On the other hand, there are the agonisers who may have good hearts but spend so much time agonising over every possible consequence of their potential action that they wind up being too slow or not doing anything at all.

If Pierre Sauvage’s saviours had agonised about saving him and several thousand others, he would likely not have survived to become a filmmaker.

I remember one reader’s response to a column I did about the late Princess Diana who had not hesitated to hug HIV-positive people in hospitals and consequently set an example against the stigma and discrimination that such people faced. “We can’t do that,” said the indignant reader. “What if they are a different sex from us?”

Suffice to say that one of the reasons we remember Diana to this day is because she did not agonise over such matters. Every human in distress needs comfort. It was not about her, it was about them.

Most of us, me included, spend a lot of time agonising over the big decisions in our lives. If it’s going to cost money, change our usual life or involve some personal risk, then of course we are going to think it over thoroughly. Few people rush into buying homes, marrying someone and moving to a foreign country or undergoing major surgery without mulling over many factors, and taking our time about these decisions.
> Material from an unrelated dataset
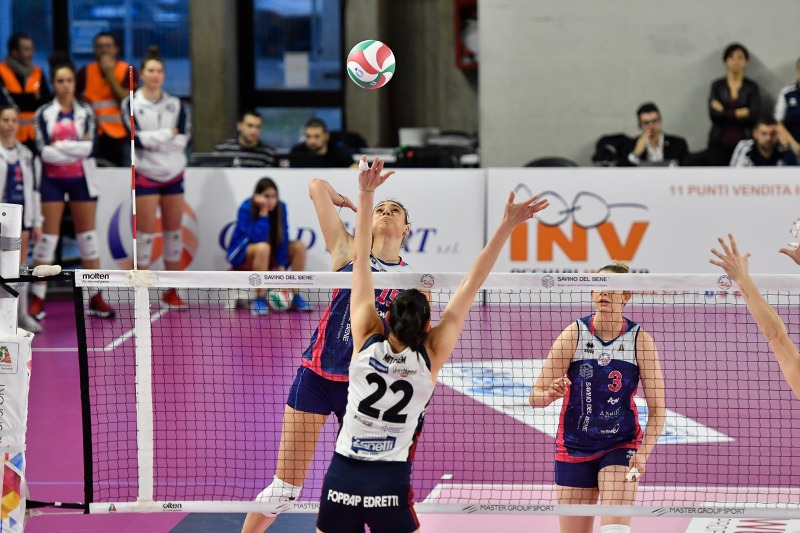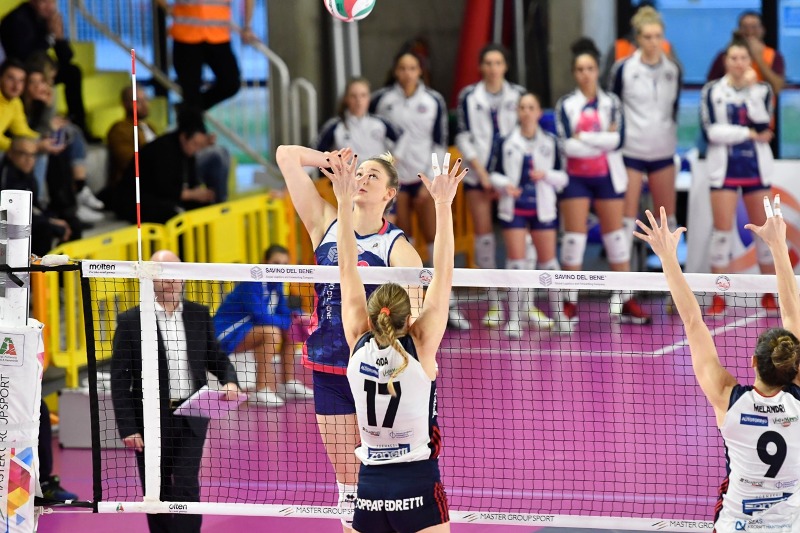 Fenoglio risponde con Mirkovic-Smarzek, la doppia coppia di ex schiacciatrici Mitchem-Loda, Olivotto e Melandri come centrali e Sirressi come libero.

But when we’re thinking about other people and doing right by them, then mulling too much may not be the best response. Especially when the mulling involves thinking up imaginary reasons not to do something.

I know people who worry about whether they should put their thoughts in a blog, for instance, before they write a single word. They believe that it would attract negative reactions from the authorities because they’ve seen what happens to other people’s blogs.

That’s exactly the type of self-censorship that the authorities want, where people worry so much about consequences that they don’t write a single word. The thing is, it may be that what they write will attract not that much attention at all from the people they fear, or very little relative to other people. That may sound disheartening but if you’re worried about nasty consequences, then why should it be an excuse for not expressing your thoughts?

Similarly I get lots of people who say that they cannot do what I and a lot of other activists do because they stand to lose so much. Well, so do we. Being locked up, even for a night or two, is tough and something I hope I never have to experience. But activists do what they do because they believe in it. They don’t agonise, they act.

If we see something terribly wrong happening around us which will lead to so much future suffering, it would be so easy to close our eyes and ears and wish it would all go away by itself. But it won’t unless we act.

That’s why there are people who, regardless of race, religion, age, station in life and political beliefs, are taking action to try and right what is wrong. It may seem futile to some but it’s a lot better than doing nothing. People who act can always hold their heads up high that they tried to do something, and not passively let misery rain upon them. Foolish they may seem to some but a lot of people are, as Nelson Mandela once said, making choices that reflect their hopes, not their fears.

So, ask yourself, are you an agoniser or a person who acts?